WHAT IS EXPECTED –
Omit all pictures. Reproduce exactly the lines from the first line of the records below through the line with "Das Hotel Mirabella".

SUPPLIED DATA –

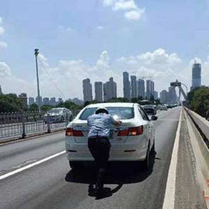 24日午间,一辆白色电动车突然停在长沙波隆立交桥的路中间。开福巡逻交警独自奋力推车前行,直至推到不影响交通的地方,确保道路的畅通。持续高温,路面温度高达40摄氏度以上,交警推车时已全身湿透。(红网)
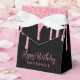 Elegant Black and Blush Pink Sparkle Glitter Drips Birthday Party Favour Boxes featuring faux glitter drips on a chic black background. Designed by Cedar and String. To personalise further, please click the "customise further" link and use the design tool to modify the design. If you need assistance or matching items, please contact us at cedarandstring@gmail.com . Perfect for your luxury aesthetic!
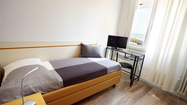 Das Hotel Mirabella liegt nur 5 Fahrminuten vom Zentrum von Riccione entfernt und ist auch vom Flughafen Rimini Fellini leicht zu erreichen. Der Strand ist nur 50 m entfernt, was den Gästen einen einfachen Zugang zu Sonne, Sand und Meer ermöglicht. In der Nähe gibt es auch viele Restaurants, Bars und Geschäfte, die zu einem angenehmen Aufenthalt beitragen. Die Lage des Hotels ist auch günstig für Ausflüge in die Umgebung, da das Zentrum von Rimini nur 9 km entfernt ist und die Autobahn A14 in nur 10 Minuten mit dem Auto zu erreichen ist.
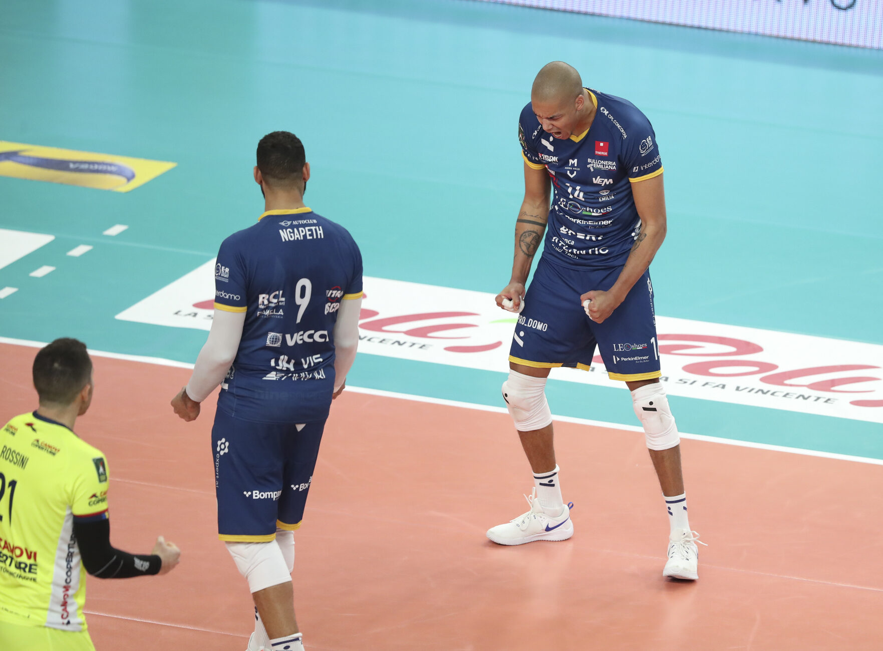 De twee meest succesvolle clubs uit de Italiaanse volleybalgeschiedenis stonden zondagavond tegenover elkaar. Het was vooral voor Modena om meerdere redenen een bijzondere wedstrijd. Na de uitschakeling in de beker en de CEV Cup was een overwinning noodzakelijk. Het was daarnaast een sleutelwedstrijd in de strijd om de derde en tweede plaats in de competitie. En het was voor Nimir Abdelaziz het wederzien van de club en de hal waar hij vorig jaar speelde, en uiteindelijk toch wel verrassend wegging. Ondanks 18 dagen zonder wedstrijd begon Modena sterk. Maar een 3-7 voorsprong was niet genoeg om de set te winnen (23-25). Ook in de tweede set was Modena lang de betere van de twee (o.a. 12-16), maar door eigen fouten liet het Trento terugkomen en werd ook set twee verloren. Gelukkig voor Modena ging de service vanaf set drie écht goed lopen en werd er meer verdedigd. De vier directe aces en een goede tegenaanval zorgde voor de 2-1 (19-25). In set vier stoomde Modena door en noteerde Abdelaziz o.a. zijn zesde ace. Daarnaast wist de diagonaal ten opzichte van de eerste twee sets nu wel uitstekend het blok te omzeilen (18-25). Met ongewijzigde opstellingen begonnen beide teams aan de vijfde set, waarin Modena weer snel op voorsprong kwam (3-6 en 6-12). Trento kwam op wonderbaarlijke manier nog op 13-14, maar gelukkig was het Abdelaziz die na een geblokte aanval van 'Ngapeth het verlossende punt scoorde. Modena pakte zo twee belangrijke punten voor het klassement en staat met één wedstrijd minder nu nog maar één punt achter Trento. Nimir Abdelaziz speelde een ijzersterke pot en werd terecht MVP. Hij scoorde 28 punten (51% aanval, 7 (!) aces en een killblock). Maarten van Garderen kwam drie van de vijf sets in het veld om het achterveld te versterken.
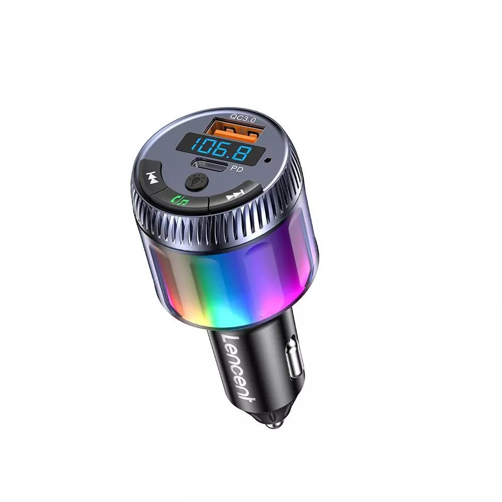 Bluetooth 5.3 FM Car Adapter with 48W PD & QC Fast Charger and LED Light
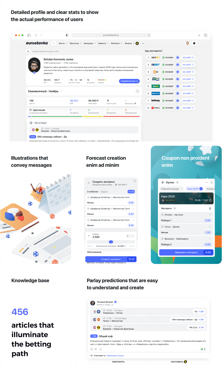Eurostavka pursues an ambitious intention of becoming an ecosystem for gamblers, offering them all of the functionality they require to make an apprised decision. Still, the fundament for it stands on three key pillars.

RESULT BELOW –
 24日午间,一辆白色电动车突然停在长沙波隆立交桥的路中间。开福巡逻交警独自奋力推车前行,直至推到不影响交通的地方,确保道路的畅通。持续高温,路面温度高达40摄氏度以上,交警推车时已全身湿透。(红网)
 Elegant Black and Blush Pink Sparkle Glitter Drips Birthday Party Favour Boxes featuring faux glitter drips on a chic black background. Designed by Cedar and String. To personalise further, please click the "customise further" link and use the design tool to modify the design. If you need assistance or matching items, please contact us at cedarandstring@gmail.com . Perfect for your luxury aesthetic!
 Das Hotel Mirabella liegt nur 5 Fahrminuten vom Zentrum von Riccione entfernt und ist auch vom Flughafen Rimini Fellini leicht zu erreichen. Der Strand ist nur 50 m entfernt, was den Gästen einen einfachen Zugang zu Sonne, Sand und Meer ermöglicht. In der Nähe gibt es auch viele Restaurants, Bars und Geschäfte, die zu einem angenehmen Aufenthalt beitragen. Die Lage des Hotels ist auch günstig für Ausflüge in die Umgebung, da das Zentrum von Rimini nur 9 km entfernt ist und die Autobahn A14 in nur 10 Minuten mit dem Auto zu erreichen ist.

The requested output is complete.